Qawwalis tend to begin gently and build steadily to a very high energy level in order to induce hypnotic states both among the musicians and within the audience. Almost all Qawwalis are based on a Raga from the Hindustani classical music tradition. Songs are usually arranged as follows:

 They start with an instrumental prelude where the main melody is played on the harmonium, accompanied by the tabla, and which may include improvised variations of the melody.
 Then comes the alap, a long tonal improvised melody during which the singers intone different long notes, in the raga of the song to be played.
 The lead singer begins to sing some preamble verses which are typically not part of the main song, although thematically related to it.
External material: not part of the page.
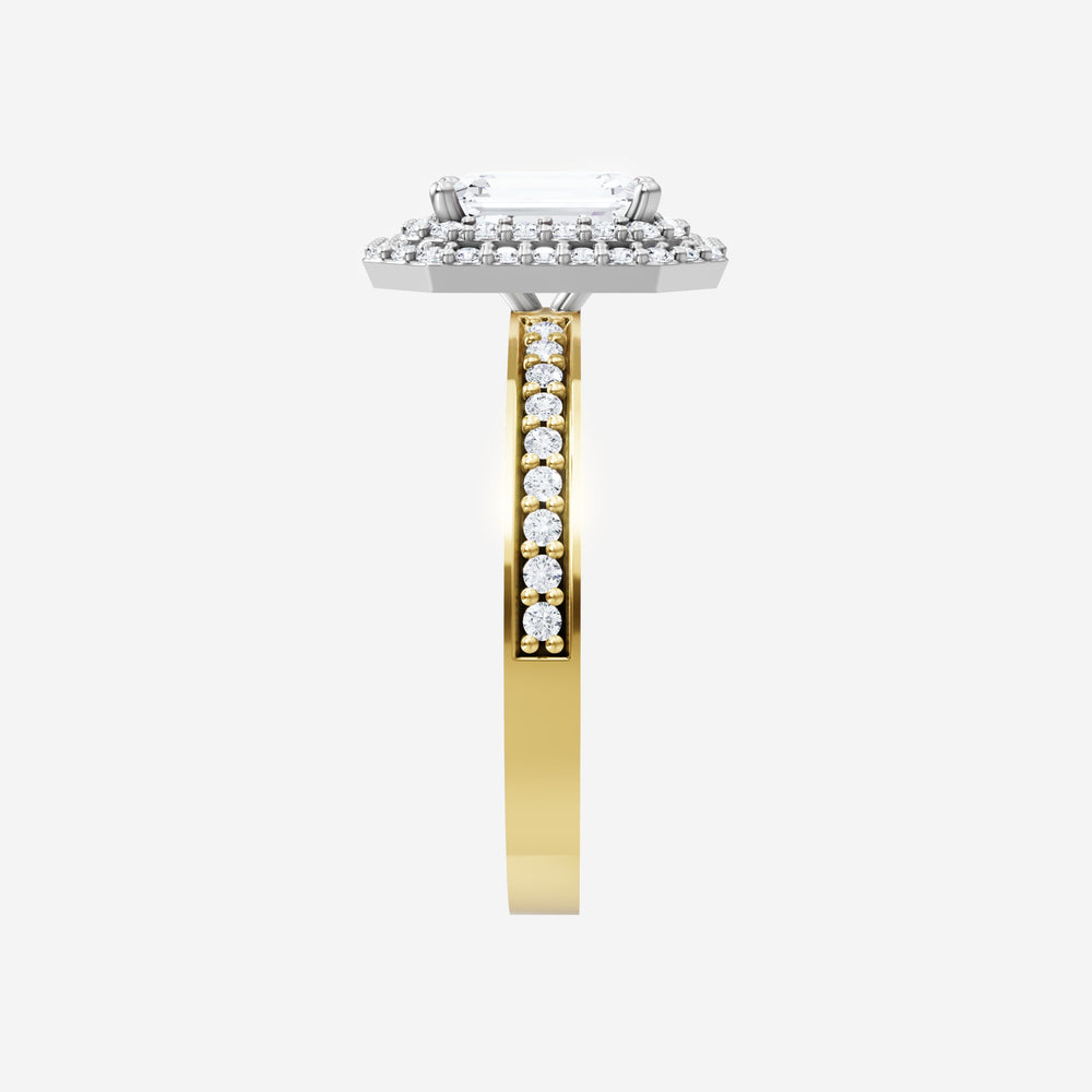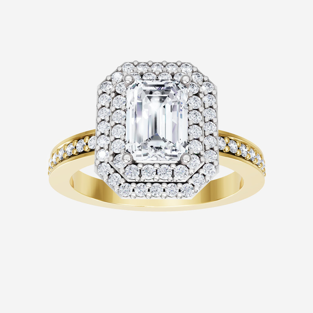 You’ve designed a ring that reflects lasting elegance and grace! Crafted from 14k Yellow White Dual Tone, this exquisite Emerald lab-grown diamond is the centerpiece of this unique design. This Single Pave Shank with a Double Halo head showcases the brilliance of the Emerald diamond, creating a timeless look. With this ring, celebrate every moment of joy, success, and love.

These are sung unrhythmically, improvised following the raga, and accompanied only by the harmonium. After the lead singer sings a verse, one of the side singers will repeat the verse, perhaps with his own improvisation. A few or many verses will be sung in this way, leading into the main song.
 As the main song begins, the tabla, dholak and clapping begin. All members join in the singing of the verses that constitute the refrain. The lyrics of the main verses are never improvised; in fact, these are often traditional songs sung by many groups, especially within the same lineage. However, the tunes are subtly improvised within the framework of the main melody. As the song proceeds, the lead singer or one of the side singers may break out into an alap. Nusrat Fateh Ali Khan also popularized the interjection of sargam singing at this point. The song usually builds in tempo and passion, with each singer trying to outdo the other in terms of vocal acrobatics. Some singers may do long periods of sargam improvisation, especially alternating improvisations with a student singer. The songs usually end suddenly.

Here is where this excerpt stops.